うずまきぐ~るぐる

本の紹介や日々のことをぐるぐるかきます

私のなかの彼女 角田光代

嫌な感じを描くのが実に上手い角田さんの長編

 

明るい話ではない。ずっと沈んでいたものが、徐々に

浮かび上がって来るような独特なリズムがこの小説にはある。

 

主人公和歌は同じ大学に通う仙太郎と恋人同士。
仙太郎はセンスもいいし、教養もあり誰からも好かれる存在だ。
学生でありながら、才能のある仙太郎はバブルという時代の

波に乗りアーティストとしても活躍をしている。

 

一方、和歌は就職する段階に来ても自分が何をしたいのか

分からないようなふわふわした女性。仙太郎の勧めで出版社に

就職するがパッとしない生活を送る。そんな和歌はある日、

実家の蔵にあった祖母の書いたらしき本を見つけ、

やがて自分も何か書いてみようと新しい世界に

飛び込むのだが・・・。

 

前半は和歌のへらへらした感じが気になりつつも、

若いときって案外、自分もこんな一面があったかもな~と

思ったりしたのだが、なにより違和感があったのが、

仙太郎の言動だ。

 

途中までこの彼がイイ人なのか意地悪な人なのかちょっと

判別しにくい。でも彼が発する言葉には必ず人を

見下したような雰囲気が残る。正論なのだ。言っていることは。
でもさりげなく相手を否定し、ギリギリのところでサッと

何事もなかったような態度をとる。

 

そんな彼の前で和歌はいつしか彼のご機嫌をうかがうように

なったり、怯えたり。

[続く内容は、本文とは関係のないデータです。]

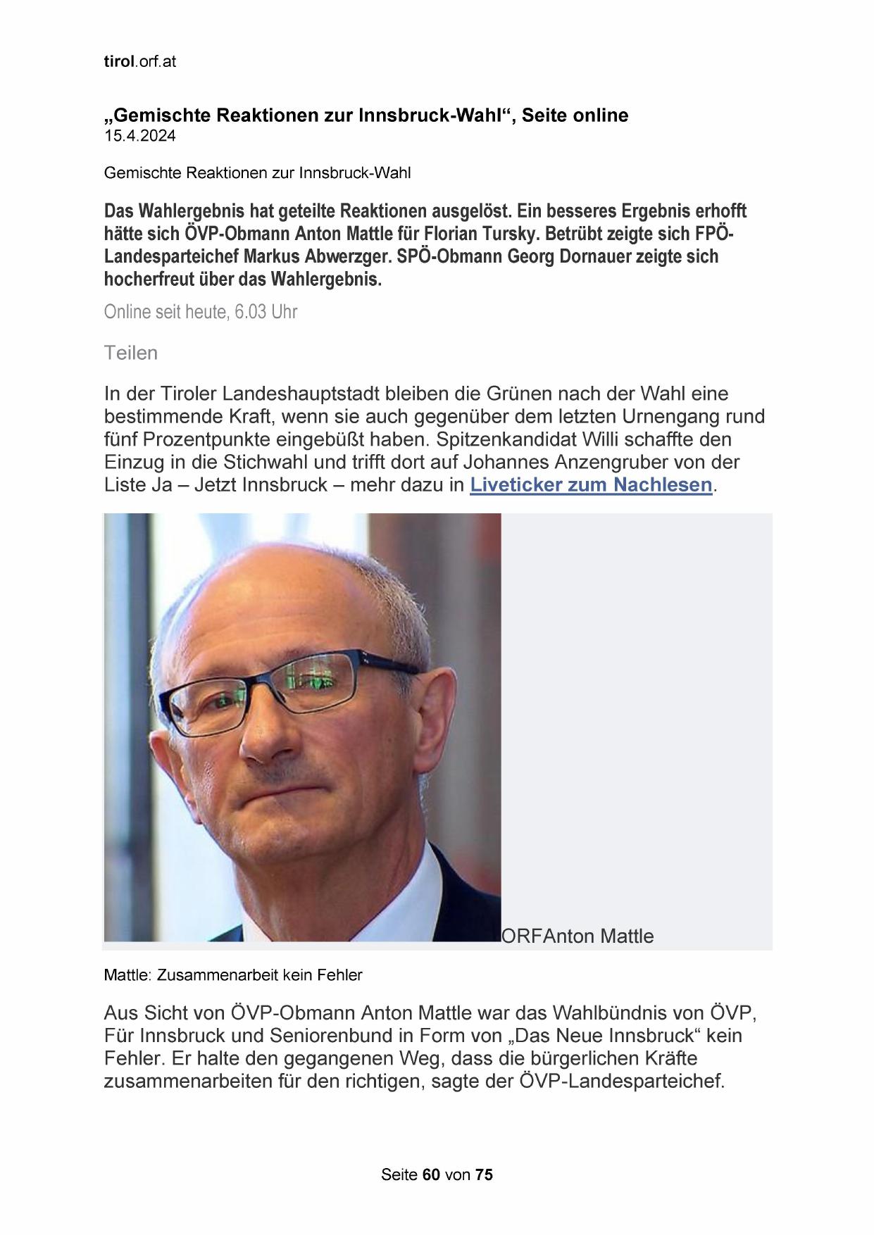 „Gemischte Reaktionen zur Innsbruck-Wahl“, Seite online

一度は同棲し、子供を生む決意までする

二人だが、時間を重ねれば重ねるほど、関係がどんどん

歪んでゆく。

 

私のなかの彼女

私のなかの彼女

 

 

人の人生に影響を与える言葉の恐ろしさ

 

人は誰かに言われた一言が意外にも長いこと心の中に

残っていたりする。
何気なくかけてもらった一言が、落ち込んだ時に

ふと思い出され、励まされたり、支えになったりする。

 

和歌もこの彼に少しでも肯定的な言葉をかけてもらっていれば、
後半何かに囚われたような感じにはならなかっただろう。

「何気ない一言」は、それだけ人の一生に大きな影響を

与えたりする恐ろしさがある。

 

本書でもそうなのだが、言った方はすっかり忘れていることも、
言われた方はずっと覚えていたりする。
特に否定的な言葉は余計そうなのではないかと。

 

ふたりの関係を中心に、祖母の歴史を追っていくという話も

並行して展開される。
また、作家としての仕事へ対する苦悩、自立等々、

細かく丁寧にその時々の彼女の心境が描写されている。

それは苦しいほどに。

 

バブルから20年あまりの話で、当時の事件などから

時代を感じさせられるシーンも多い。

 

女性が男性と対等になろうと頑張っていた時代。
どんなに対等だと叫ばれても、対等でなかった部分が

たくさんあったことを私たちは知っている。

 

20年って長いのか短いのか・・・
彼女の変化が目まぐるしかったようでもあり、
ゆっくり流れていったようにも感じる。

 

時間が流れても彼女は大学の先生に言われた言葉をまるで

宝物のように、何度か思い出していた。それは彼女を肯定する言葉。
彼女は今、その言葉が自分でも実感できるまで大人の女性に

なれたのだと思う。

 

仙太郎、和歌、どちらにも共感ができるものではなかったけど、
なんだか最終的に恋愛のことだけじゃなく、いろーんなことが
頭の中に廻り、止まらない。

 

角田さんの作品はそこはかとなく奥が深い。
あの仙太郎が発する違和感のある会話のうまさと言ったら。
どうしたらあんな嫌な感じを自然に描けるのだろう。
小説だと解っていても、かなりイライラさせられた(笑)

 

角田光代は物凄い作家なんだと、今回はいつも以上に思った

次第である。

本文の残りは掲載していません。